Proses pembuatan blok mi Indomie dilakukan secara higienis dan tidak menggunakan bahan pengawet apapun.Proses pengawetannya dilakukan dengan cara pengeringan, yaitu digoreng dalam minyak goreng bersuhu tinggi, yang dikenal sebagai deep frying. Atau bisa juga dengan proses pengeringan menggunakan hot air drying. Sebagian besar produk mi instan yang diproduksi secara komersial diawetkan melaui proses deep frying.

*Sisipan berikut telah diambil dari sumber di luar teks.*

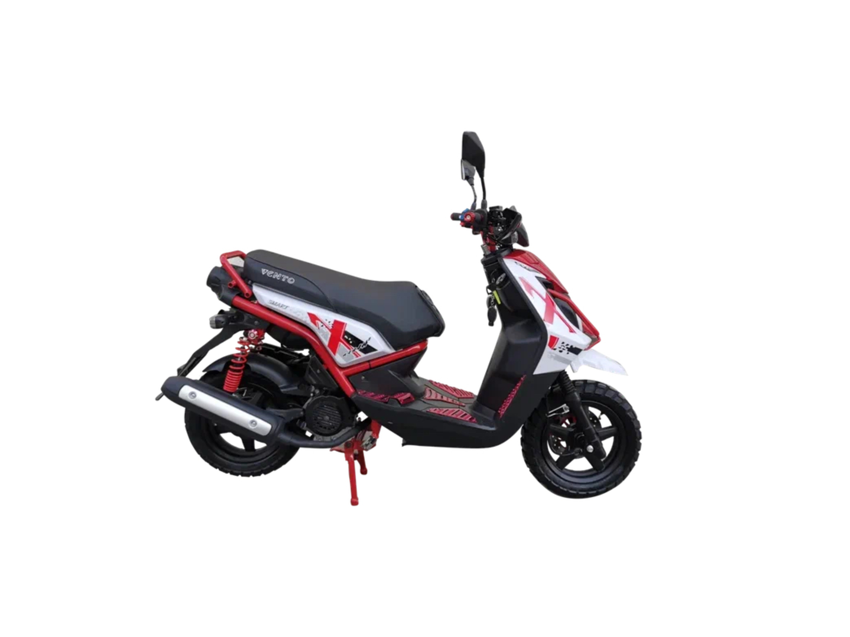 Скутер VENTO Smart ll – это компактная и доступная модель с 12-дюймовыми колесами. Его корпус по стилю стал репликой известного байка Yamaha BWS. Внедорожный дизайн техники дополняет практичная пластиковая защита для рук. Пространственная рама делает удобным использование транспорта для высоких водителей.Венто Смарт идеально подходит как поездок по городу, так и выездов на дачу. При этом эффективное сцепление с различным дорожным покрытием обеспечивает внедорожный протектор шин. Поставка в комплекте сигнализации с автоматическим запуском гарантирует безопасность и спокойствие владельцу.Движущую силу малолитражного байка производит 49-кубовый мотор с воздушным охлаждением, выдающий мощность порядка 10,8 л.с. Дополняется он обычным карбюратором и вариатором.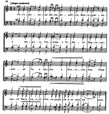 Примером более свободного отношения к заимствованному напеву может служить тропарь «Богородице Дево, радуйся», в основу которого положена мелодия греческого роспева. В первой половине этого песнопения композитор точно воспроизводит мелодическую линию подлинника, за исключением небольших изменений в конце (на словах: «Марие, Господь с тобою»), не нарушающих общей направленности звуковысотного движения. Во второй же части он сохраняет только некоторые отдельные обороты, существенно изменяя общий рисунок мелодии и ее основные ладовые опоры. В результате возникает симметричная двухчастная форма с половинной каденцией в середине и полной автентической в конце.

Melalui proses pengeringan tersebut, kadar air dalam mi instan hanya sekitar 2-4% saja sehingga tidak memungkinakan mikroba pembusuk berkembang biak. Dengan alasan tersebut mi insan tidak perlu lagi ditambah dengan bahan pengawet apa pun. Demi keamanan, sebaiknya kita selalu memperhatikan tanggal kadaluarsa yang tertera pada kemasan Indomie setiap akan membeli atau mengkonsumsinya.

2.   KADAR AIR
Kadar air adalah persentase kandungan air suatu bahan yang dapat dinyatakan berdasarkan berat basah (wet basis) atau berdasarkan berat kering (dry basis). Kadar air berat basah mempunyai batas maksimum teoritis sebesar 100 persen, sedangkan kadar air berdasarkan berat kering dapat lebih dari 100 persen.  (Syarif dan Halid, 1993).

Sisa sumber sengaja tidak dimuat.